▸ Required work:
Your copy begins at the line with "天運![]() | 寺尾有二朗さんの天運は13画の5つ星!才能に恵まれ人気がある。名声を手に入れる。円満な人生。" and runs through the end of the data below. Set down only those lines exactly, without pictures.

▸ Data:
[Start of Attachment]
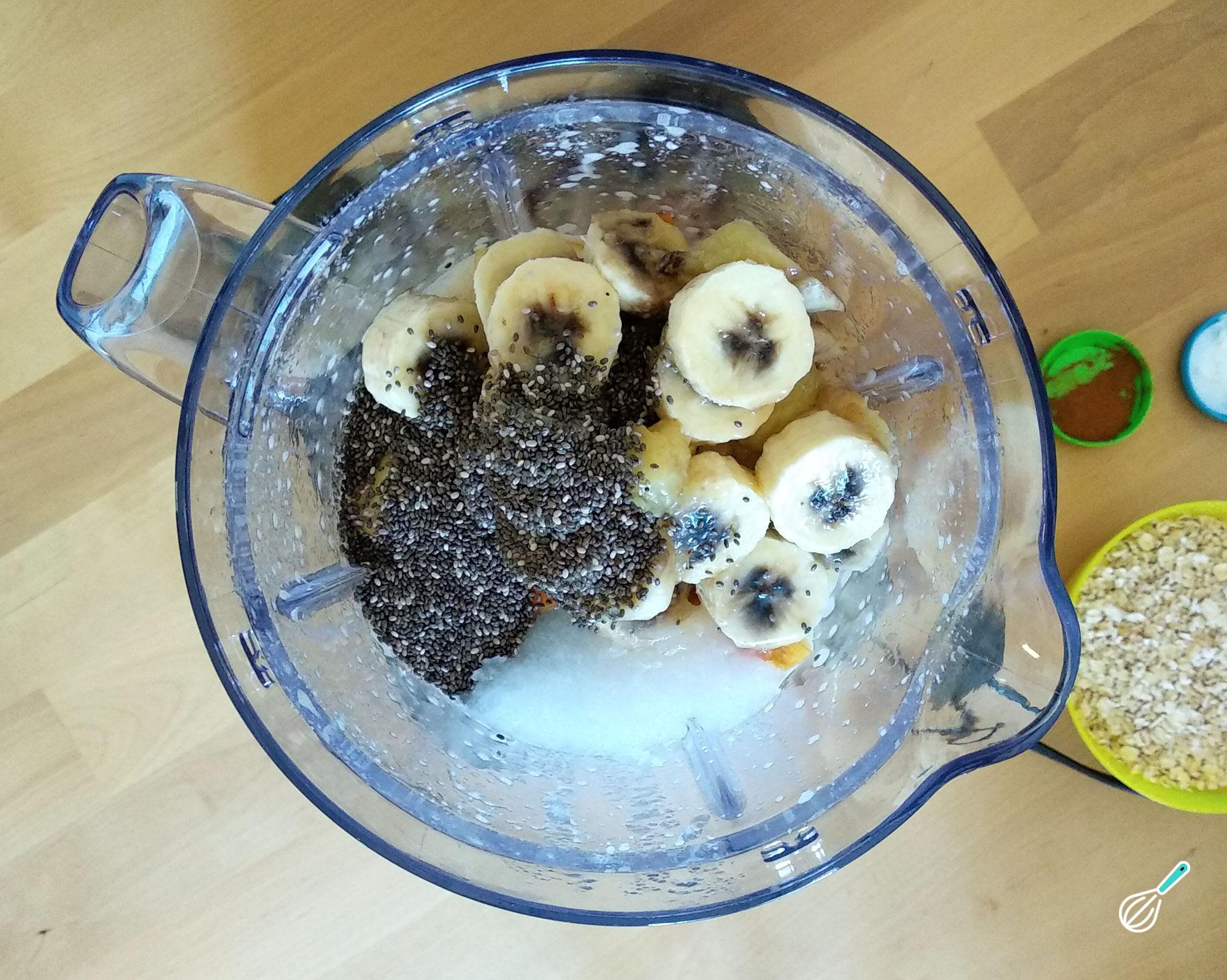 Pré-aqueça o forno nos 180ºC (forno médio). Bata os ovos no liquidificador ou num processador por 2-3 minutos, até espumar bem (isso é importante para conseguir um bolo mais fofinho). Depois coloque as maçãs e as bananas, a chia e o óleo de coco.
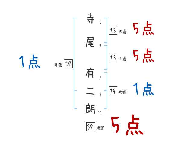 天運![]() | 寺尾有二朗さんの天運は13画の5つ星!才能に恵まれ人気がある。名声を手に入れる。円満な人生。 家系が持つ宿命的な運勢を表します。祖先から受け継いだ苗字ですので自分の力が及びません。家柄を象徴します。 |
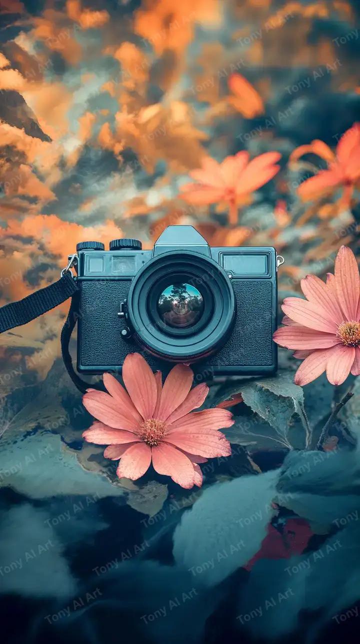 Hình nền máy ảnh retro xanh lam giữa hoa hồng, gradient bầu trời cam-xanh, hiệu ứng depth of field, tải miễn phí 4K AI art.
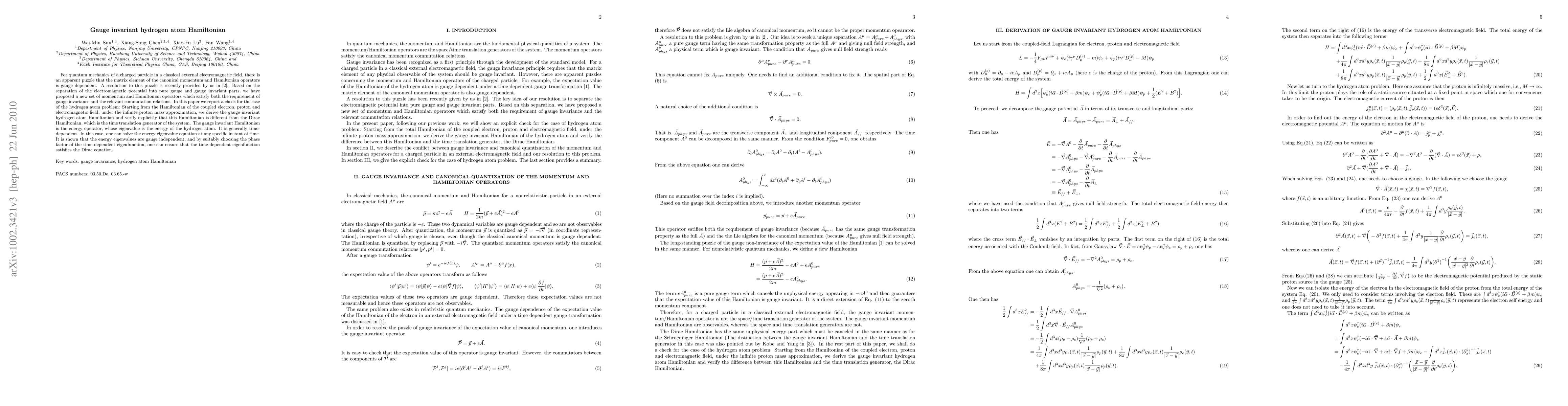 Researchers developed a gauge-invariant Hamiltonian for the hydrogen atom, resolving a long-standing puzzle in quantum mechanics, and showed that its eigenvalues are independent of gauge choices.
[End of Attachment]
▸ Result below:
 天運![]() | 寺尾有二朗さんの天運は13画の5つ星!才能に恵まれ人気がある。名声を手に入れる。円満な人生。 家系が持つ宿命的な運勢を表します。祖先から受け継いだ苗字ですので自分の力が及びません。家柄を象徴します。 |
 Hình nền máy ảnh retro xanh lam giữa hoa hồng, gradient bầu trời cam-xanh, hiệu ứng depth of field, tải miễn phí 4K AI art.
 Researchers developed a gauge-invariant Hamiltonian for the hydrogen atom, resolving a long-standing puzzle in quantum mechanics, and showed that its eigenvalues are independent of gauge choices.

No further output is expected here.